Hanya saja karena aku tidak ingin datanya tercuri dan disalahgunakan, makanya kuhancurkan sekalian. Toh, aku selalu membuat cadangan data tersebut.

Semua itu disimpan dalam salah satu kreasiku yang berbentuk pendulum. Pendulum itu sebuah kalung, tetapi buatku agak kubuat simpel dalam bentuk jam. Namanya adalah Pentarundum.

"Data sudah dihancurkan tuan. Apakah saya perlu melancarkan penyergapan dan menginterogasi orang tersebut."

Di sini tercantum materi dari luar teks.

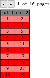 ResourceFunction["PagedGrid"][data] displays the 2d array data in a ten-row Grid, one page at a time, with buttons for moving between pages. | |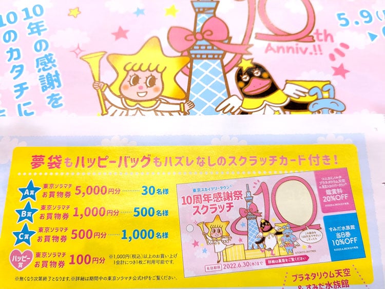 東京ソラマチでお使いいただけるお買い物券が当たるスクラッチカードもついてます

"Lakukan, kalau bisa dengan cepat sebelum orang itu kabur terlalu jauh."

Apes apes, sial sekali diriku. Baru saja aku menenangkan diriku dari kejadian beberapa waktu lalu di kuburan, sekarang harus menghadapi perusahaanku dijebol seseorang.

Setelah keluargaku direnggut dariku, sekarang apa yang tersisa padaku yaitu perusahaanku juga ingin dihancurkan? Sadis sekali dunia ini padaku.

Benci sekali aku harus menghadapi semuanya ini seolah hidupku itu sarang masalah dan tempat di mana semua yang buruk dibuang.

Tidak ada pilihan lain buatku untuk menghadapi semua ini, tetapi malahan pilihan ini dipaksa untuk aku harus mengambilnya.

Kejam bukan lagi kata yang pas bagiku untuk menjelaskan seluruh isi hidupku. Kalau ditanya apa, maka jawabannya adalah kegelapan.

"Hah… apa sih sebenarnya yang direbut dariku padahal hanya remah-remah yang tersisa?"

Heran aku tentang hidup ini. Namun aku terlebih heran kenapa ini terjadi hanya padaku. Seperti bisa dibilang, tidak ada orang selain diriku untuk harus menerima segala perlakuan ini.

Aish, aku malas memikirkannya lagi. Juga belakangan ini aku berpikir terlalu keras seperti bukan diriku sendiri. Padahal boleh dikatakan aku orang yang paling simpel.

Oh ya… benar juga. Bagaimana sekarang aku harus menghadapi reaksi tema—bukan, murid kelas ini yang mengetahui kebenaranku walau masih bingung?